**Problem to work on**
Reproduce the listing below word for word, with no pictures.

**Data extract**
★ ★ ★ ★ ★

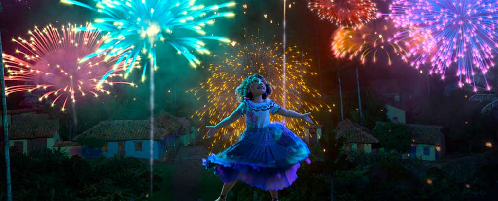 Что касается картинки, то тут производственные мощности корпорации вновь показывают высший класс. Это пиршество красок, цветов, узоров и красоты в каждом кадре. Место действия — Колумбия, куда съёмочная группа успела съездить в старые-добрые доковидные времена и поймать много вдохновения. Очень, очень красиво, жизнерадостно и ярко. Наблюдать за этим из тоскливого российского межсезонья особенно чудно.
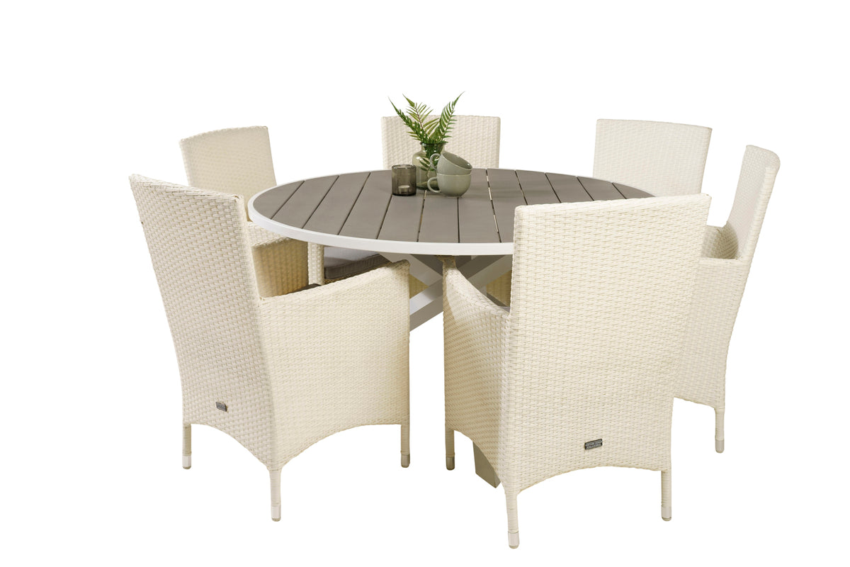 Runde spisegrupper giver en stor familiefornemmelse og samhørighed! Spisebord Parma sammen med vores luksuriøse kunstrattings-spisestole i serien Malin giver dig en spisegruppe at slappe af i. Her sidder du gerne længe og nyder dejligt selskab.
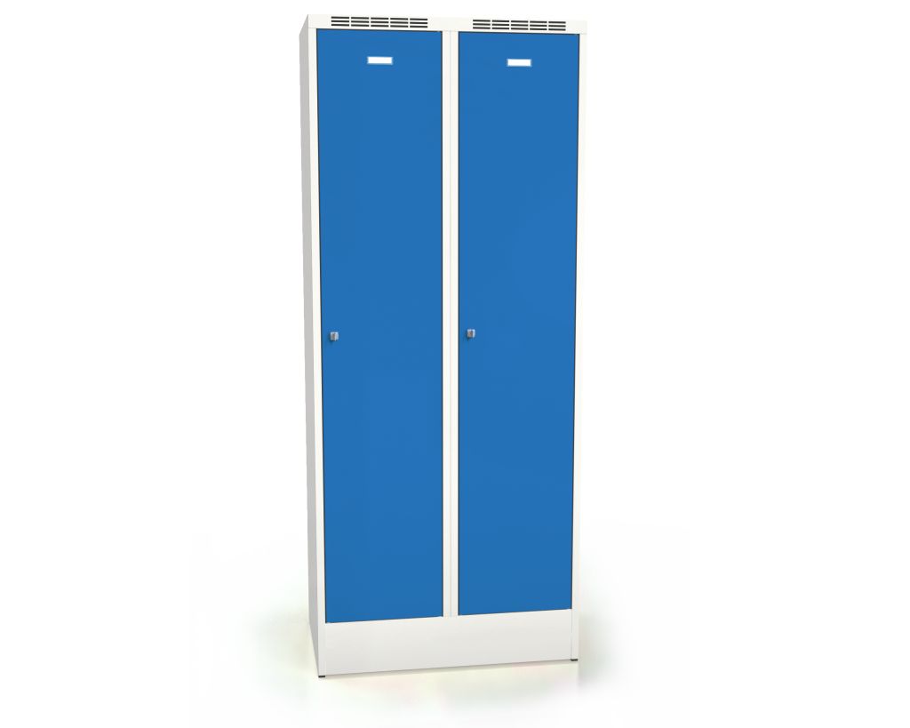Dette skab med hængelås er ikke kun kendetegnet ved øget komfort og høj kvalitet, men kan også bruges af to personer på samme tid. Det er dog også ideelt til brug af en enkelt person til såkaldt sort/hvid-adskillelse. Metalskabet er stabilt takket være en robust base eller alternativt fire fødder. Dørene kan have en anden RAL-farve, så man f.eks. hurtigere kan orientere sig fra skab til skab, mens kroppen er holdt i lysegrå.

★ ★ ★ ★ ★

**Answer to this task**
 Что касается картинки, то тут производственные мощности корпорации вновь показывают высший класс. Это пиршество красок, цветов, узоров и красоты в каждом кадре. Место действия — Колумбия, куда съёмочная группа успела съездить в старые-добрые доковидные времена и поймать много вдохновения. Очень, очень красиво, жизнерадостно и ярко. Наблюдать за этим из тоскливого российского межсезонья особенно чудно.
 Runde spisegrupper giver en stor familiefornemmelse og samhørighed! Spisebord Parma sammen med vores luksuriøse kunstrattings-spisestole i serien Malin giver dig en spisegruppe at slappe af i. Her sidder du gerne længe og nyder dejligt selskab.
Dette skab med hængelås er ikke kun kendetegnet ved øget komfort og høj kvalitet, men kan også bruges af to personer på samme tid. Det er dog også ideelt til brug af en enkelt person til såkaldt sort/hvid-adskillelse. Metalskabet er stabilt takket være en robust base eller alternativt fire fødder. Dørene kan have en anden RAL-farve, så man f.eks. hurtigere kan orientere sig fra skab til skab, mens kroppen er holdt i lysegrå.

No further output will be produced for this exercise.